My husband owned his own professional business for 1 year before he married his ex wife. they were married for 20 years, she was a stay at home mom, and contributed nothing to the business except for her decorating help during the Christmas season only and physically paying some of the bills (not proper bookeeping). Their divorce agreement requires him to buy her out of the business, at a set dollar amount, no later than the sale of the marital residence, "at which time all rights and responsibilities of the business will go to (him) alone". (They wrote the agreement themselves without an attorney). The house has been on and off the market for 21 months and not sold. He is planning to use all of his share of the proceeds to buy her out. The agreement also states that if he were to die before the buy out she would get the entire business. She is claiming that until he buys her out, she is still "co-owner" and is entitled to half of the business income and has a say in how the business income is spent. He is an S corp and was always sole shareholder, President and CEO. We are saying that her entitlement to the business income ended the day they were divorced and she is only entitled to the agreed to buy out money and her current support ( which, with the mortgage payment he's making for her each month, is ironically is probably about 80% of the montly business income anyway). Does she still have any rights to the business income until he buys her out?
Divorce / Separation Lawyer
I'm not against the idea of people writing their own agreement, especially when it's a short term marriage and there are no kids, but the facts you're giving are a perfect example of why saving a buck during a divorce can backfire -- "penny wise, pound foolish." Having an attorney go over an agreement and make sure it doesn't contain potentially explosive ambiguities isn't expensive - it can be literally just a couple hundred bucks (if the two of you are waiving discovery and only having an attorney review the agreement for clarity and are willing to sign a "limited representation" retainer agreement to this effect).
I'd need to see the agreement they wrote to really answer, but based on the basic law, you're correct.

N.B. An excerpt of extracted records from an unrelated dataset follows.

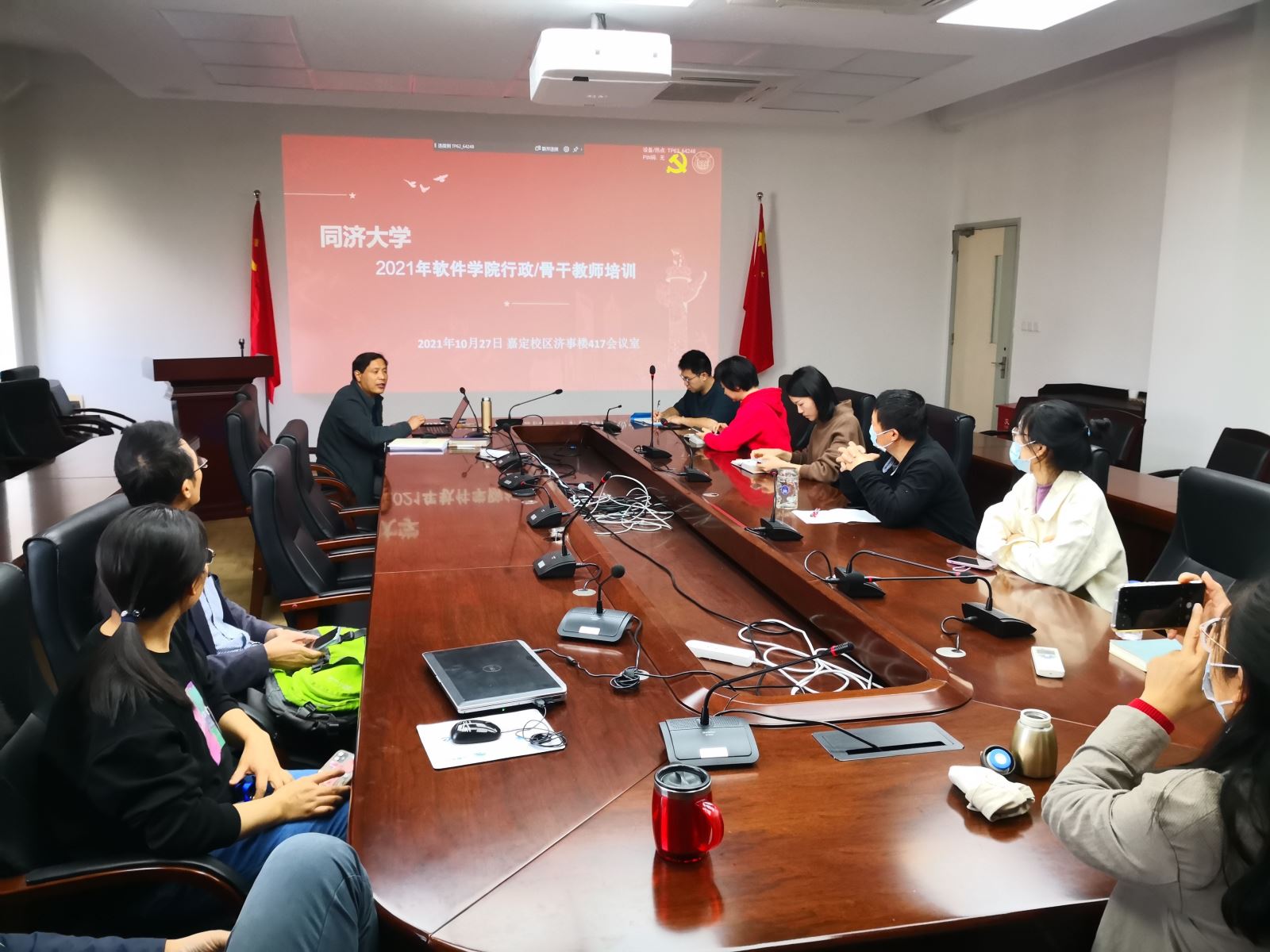 2021年10月27日下午,伟德体育伟德体育官方网站软件公司召开全体行政人员和教研室负责人培训会议。公司党委副书记陈荣围绕“工作可为 职责作为 担当有为”作主题报告。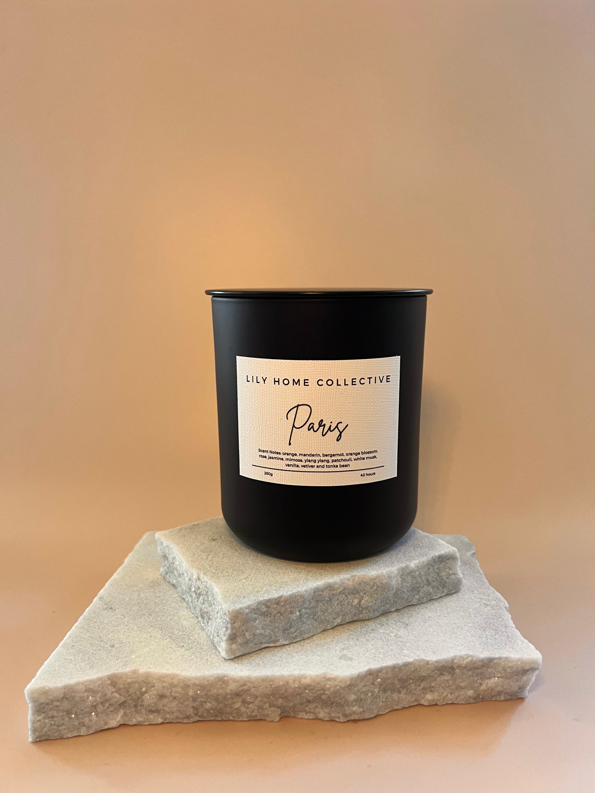 A fragrance as timeless and romantic as the city itself. Bright mandarin and bergamot open with sparkling freshness, giving way to a floral heart of rose, jasmine, and mimosa. The scent deepens into a sensual base of patchouli, musk, and vanilla, creating a perfect balance of elegance, warmth, and allure. A candle made for moments that feel unforgettable.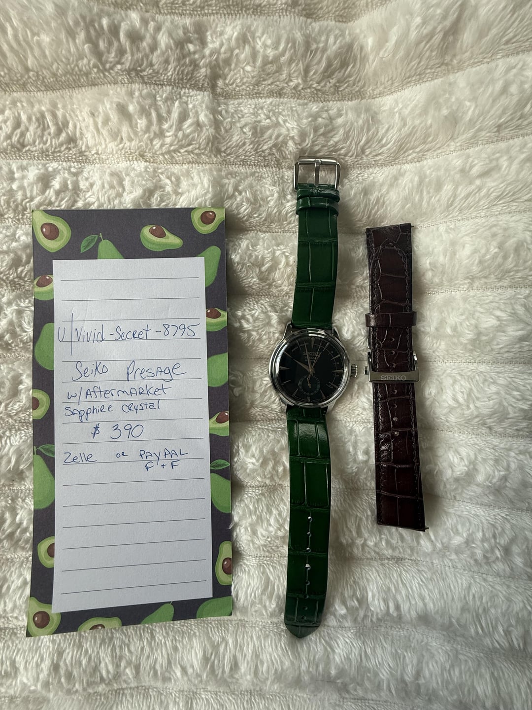 Seiko Presage Green dial With aftermarket Sapphire Crystal installed not original mineral crystal. Comes with 2 straps $390 shipped in CONUS Zelle or PayPal F&F Additional cost to ship outside of US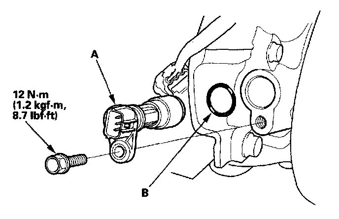 Install the sensor in the reverse order of removal with a new O-ring (B).
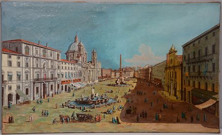 Ignoto "Piazza Navona a Roma" olio su tela (cm 60x100)(difetti)
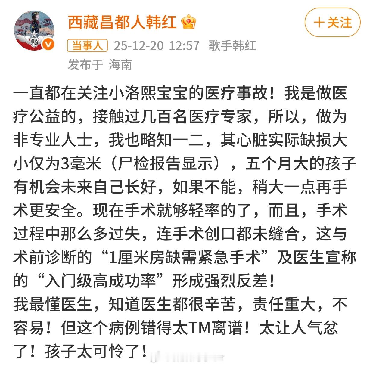 韩红为小洛熙宝宝发声地狱空荡荡,恶魔在人间
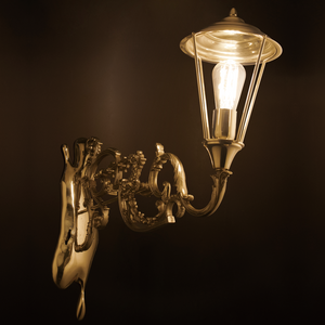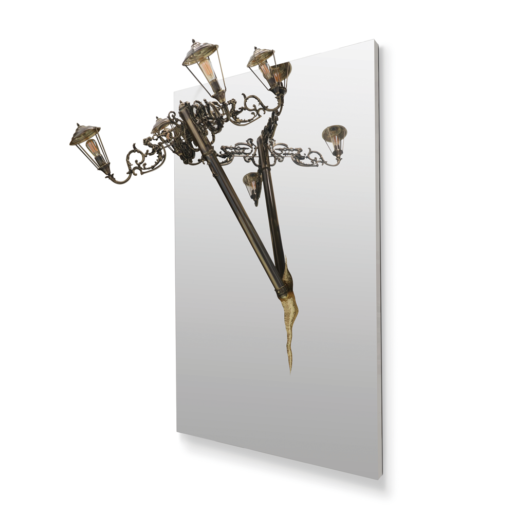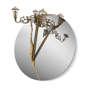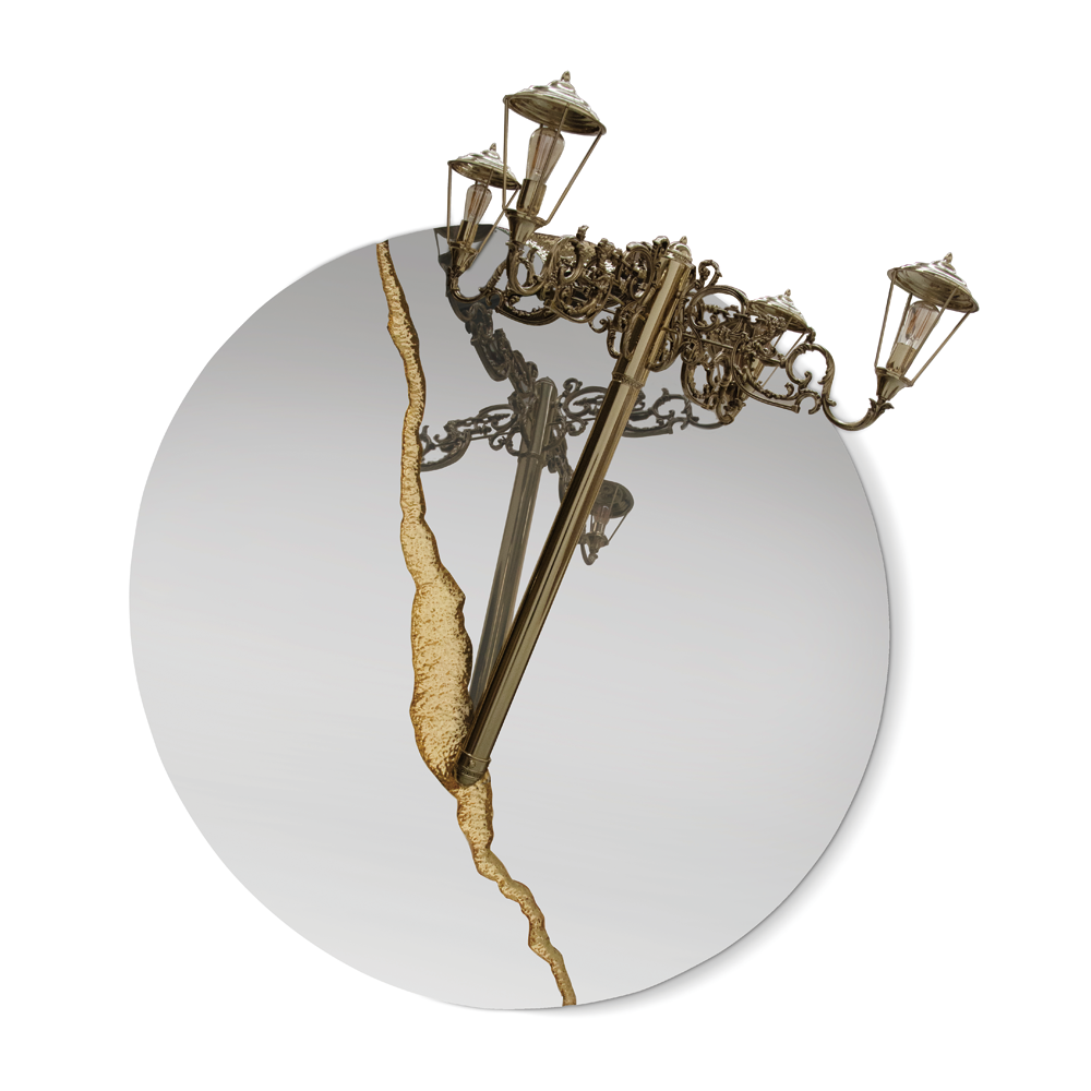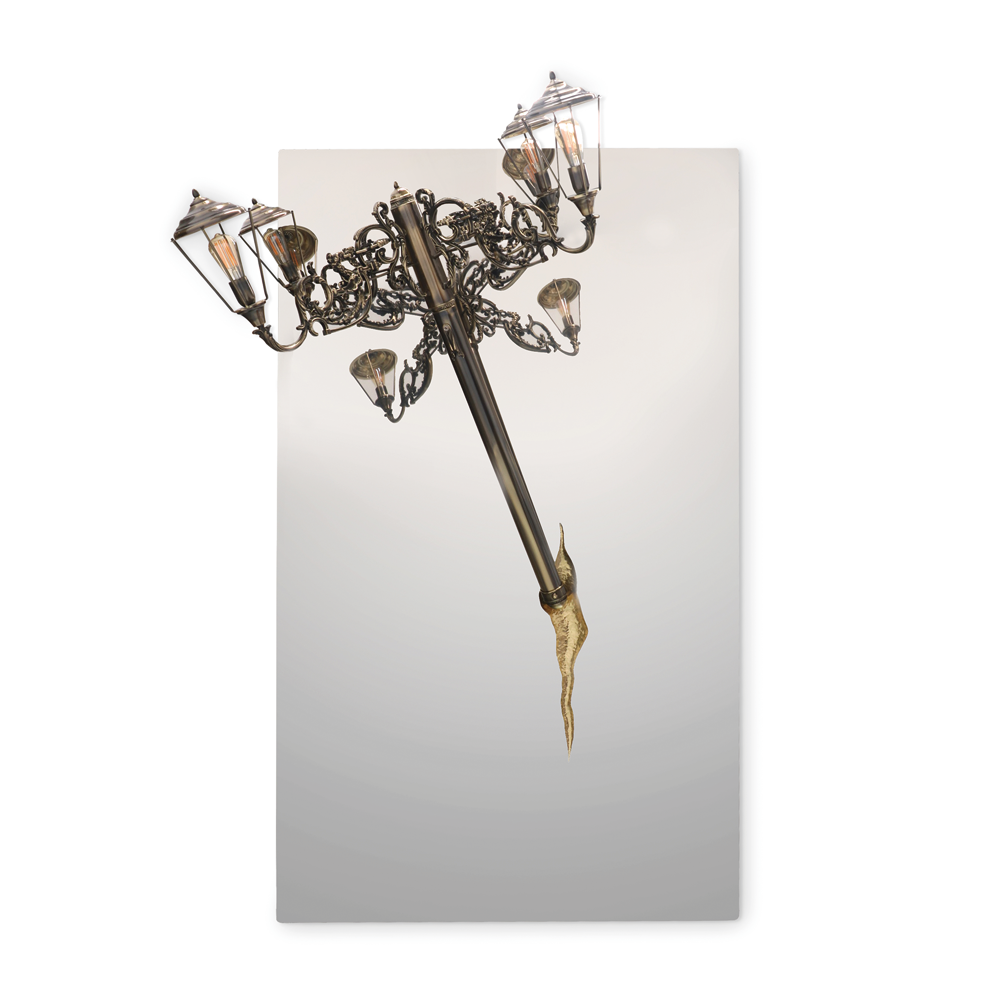 The Lumiere Collection is an extravagant series of lights and mirrors inspired by the Victorian era, where industrial details collide with excessive ornamentation. The wall lights look as if they had burst out of the wall, leaving a golden crack in the mirror, whilst the suspension light resembles a broken street lamp being craned away.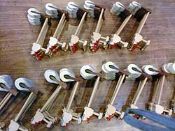それを一枚一枚貼っていくのだが、結構手間なのだ、綺麗に貼るそして鍵盤を本体にもどす、だけではなく削り込み作業が一番大変なのだ、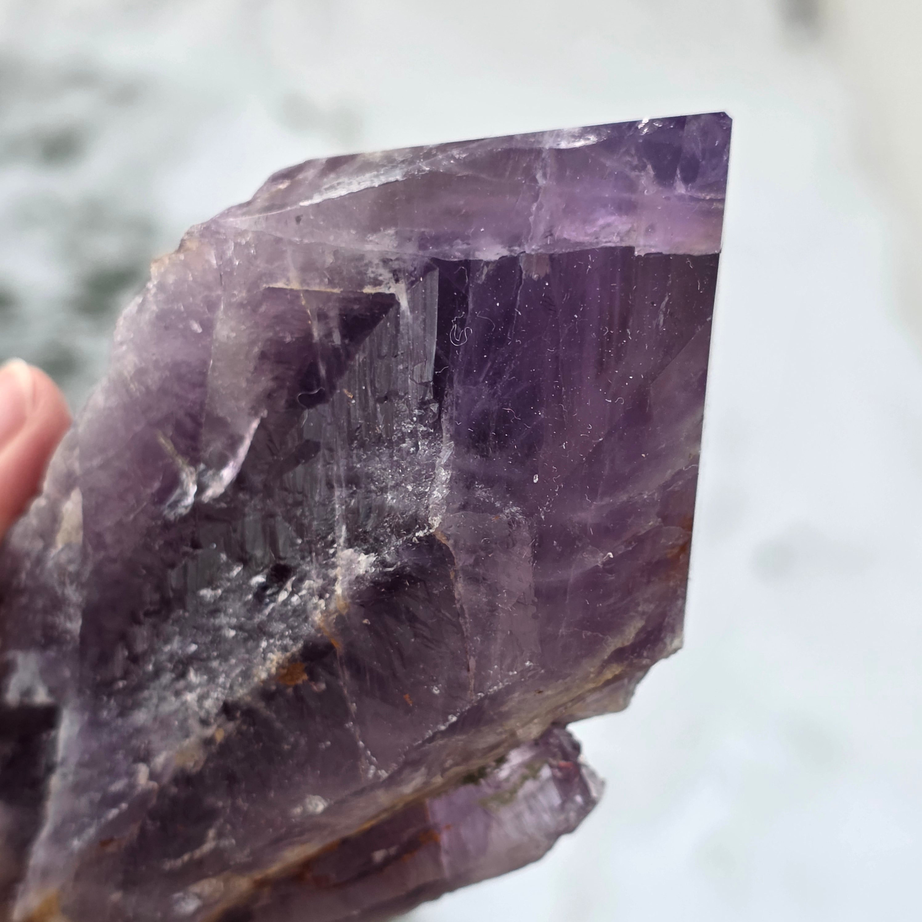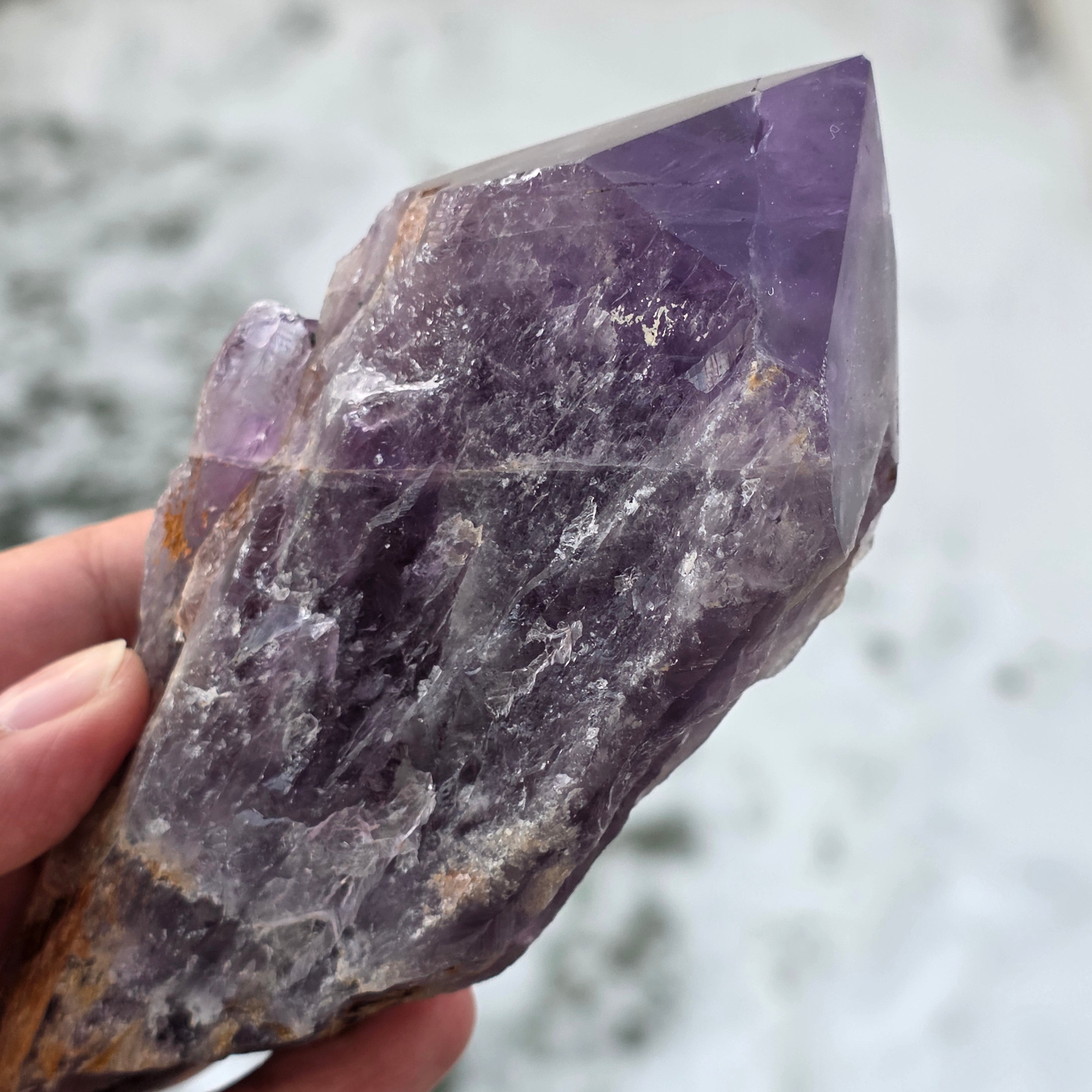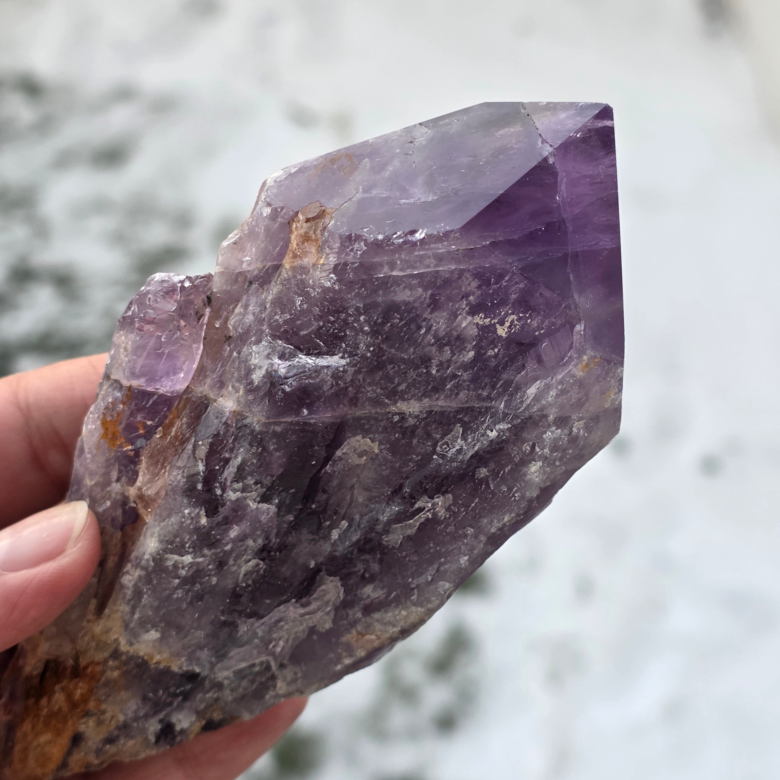Bahia Amethyst, sometimes called "Dragon's Corner", is mined from the Bahia region of Brazil. Each crystal is a unique natural specimen with a well-defined crystalline shape and features keys or protrusions along its entire length. These crystals are not detached from a larger group, but are formed individually, one by one.

If they distributed the business and she has a set entitlement to be paid when the house sells and there's a support component that he's paying (was the support properly worded - did it address Crews and the marital lifestyle issue?) then I don't see an argument that she's additionally entitled to income, especially if he's the sole shareholder... But again, it could come down to the wording of the agreement. If she files a motion and it's not clear, the court will probably order a hearing, which will end up costing far more than having the agreement drafted properly would have cost.